1. Definition & Types of Matrices

A matrix is a rectangular array of numbers or expressions arranged in rows and columns. A matrix of order m × n has m rows and n columns.

• Row matrix: one row.
• Column matrix: one column.
• Square matrix: m = n.
• Rectangular matrix: m ≠ n.
• Zero matrix: all entries are 0.
• Diagonal matrix: non-zero entries only on main diagonal.
• Scalar matrix: diagonal matrix where all diagonal entries are equal.
• Identity matrix (I): diagonal entries = 1.
• Symmetric matrix: A = A^T.
• Skew-symmetric matrix: A^T = −A (diagonal entries are 0).

2. Equality of Matrices

Two matrices A and B are equal if they have the same order and their corresponding elements are equal: A = B ⇔ aij = bij for all i, j.

3. Operations on Matrices

(A + B)ij = aij + bij

(kA)ij = k · aij

Matrix Multiplication

Product AB is defined when the number of columns of A equals the number of rows of B. If A is m × n and B is n × p, then AB is m × p.

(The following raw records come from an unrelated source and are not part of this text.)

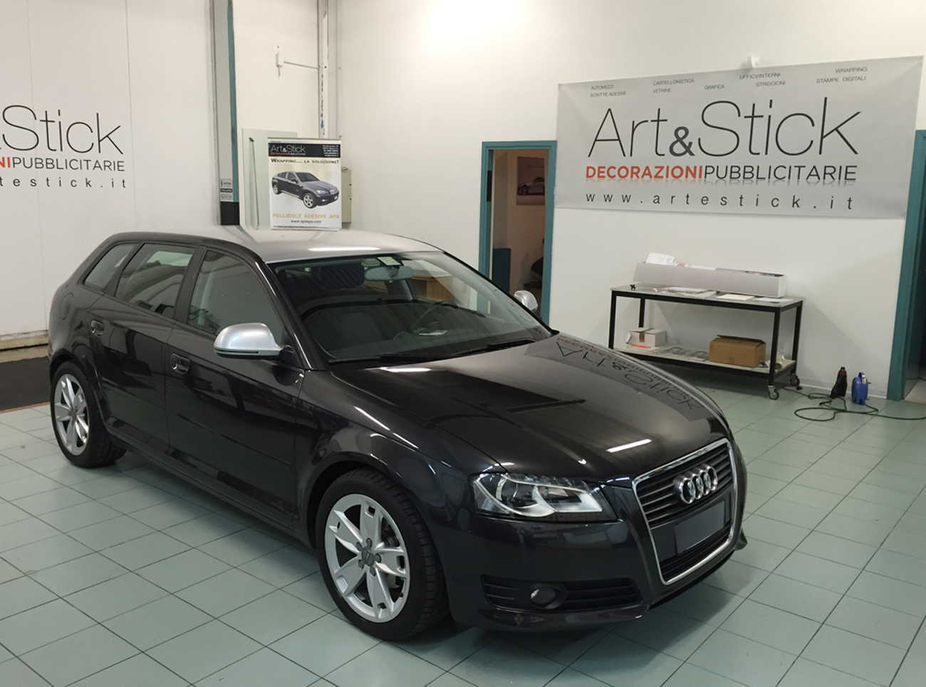 Personalizzazione Audi A3 rivestendo tetto e specchietti retrovisori con pellicola adesiva da car wrapping colore argento lucido.
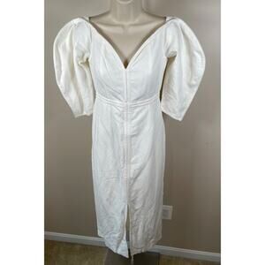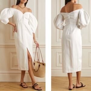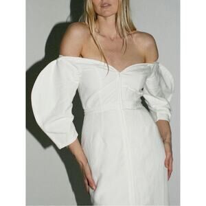Mara Hoffman Leonara Off the Shoulder White Linen Midi Dress Size 0
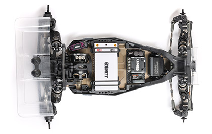 The prevalence of spec racing has led to the need for many racers to install motor fans for keeping temperatures lower. Rather than an aluminum mount or double-sided tape, the 22X includes a built-in, molded fan mount secured to the mud guard. You can easily and securely install your choice of widely available 30mm x 30mm fans.
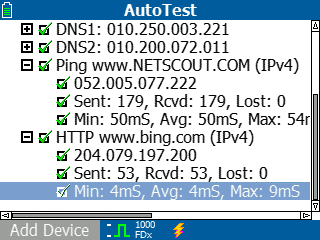 Der LinkRunner AT führt zur Überprüfung der Verbindung entweder einen Ping- oder einen TCP-Port-Open-Test durch. Die Verbindung zum Standard-Gateway, bevorzugten DNS-Server und alternativen DNS-Server sowie die entsprechende Antwortzeit werden getestet.
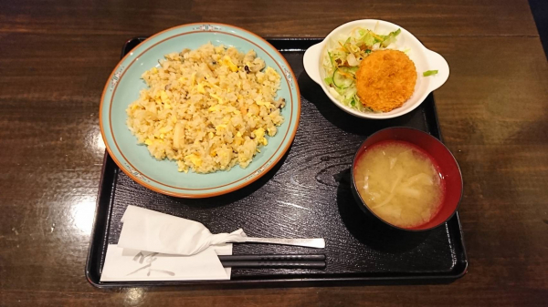 04/25 天津飯、大葉巻きアジフライ(珈琲付¥900-)
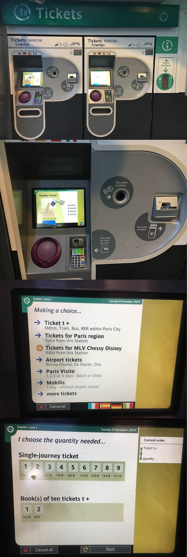 아, 티켓을 구입하는 방법부터 알아보자. 전혀 어렵지 않다. 'Tikets'라고 쓰여 있는 기계를 찾아 순서대로 화면을 터치하면 된다. 'Tiket t+'을 선택하면 1장씩 낱개로 구입할 건지, 10개 혹은 20개씩 묶음으로 구매할 것인지 고르게 된다. 1장이 1.9 유로이고, 10장이 14.5 유로이므로 묶음으로 사는 게 훨씬 유리하다. 만약 하루에 4번 이상 지하철을 탈 예정이라면 Mobilis(1일 권)을 구입하는 게 이득이다.
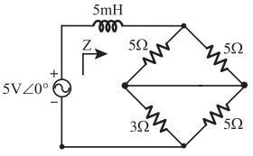 67. 如右圖所示之電路,跨接電源兩端之等效交流阻抗 Z 為 4.375 + j5Ω,則交流電源之頻率約為多少 Hz ? [鐵路、國安特考 112] (A)79.62 (B)159.24 (C)318.48 (D)1000

(AB)ij = \sum_{k=1}^{n} aik bkj

Note: Matrix multiplication is not commutative in general: AB != BA.

4. Properties of Addition & Scalar Multiplication

• Commutative: A + B = B + A
• Associative: (A + B) + C = A + (B + C)
• Additive identity: A + O = A
• Additive inverse: A + (−A) = O
• Distributive: k(A + B) = kA + kB

5. Properties of Matrix Multiplication

• Associative: A(BC) = (AB)C
• Distributive: A(B + C) = AB + AC and (B + C)A = BA + CA
• Identity: AI = IA = A
• Not commutative in general: AB != BA
• Zero product does not imply a zero factor: AB = O doesn't force A = O or B = O

6. Transpose of a Matrix

The transpose AT is obtained by interchanging rows and columns: the element at row i, column j of A becomes row j, column i of AT.

• (AT)T = A
• (A + B)T = AT + BT
• (kA)T = kAT
• (AB)T = BT AT

7. Symmetric and Skew-Symmetric Matrices

Symmetric: A = A^T.
Skew-symmetric: A^T = −A (diagonal entries are 0).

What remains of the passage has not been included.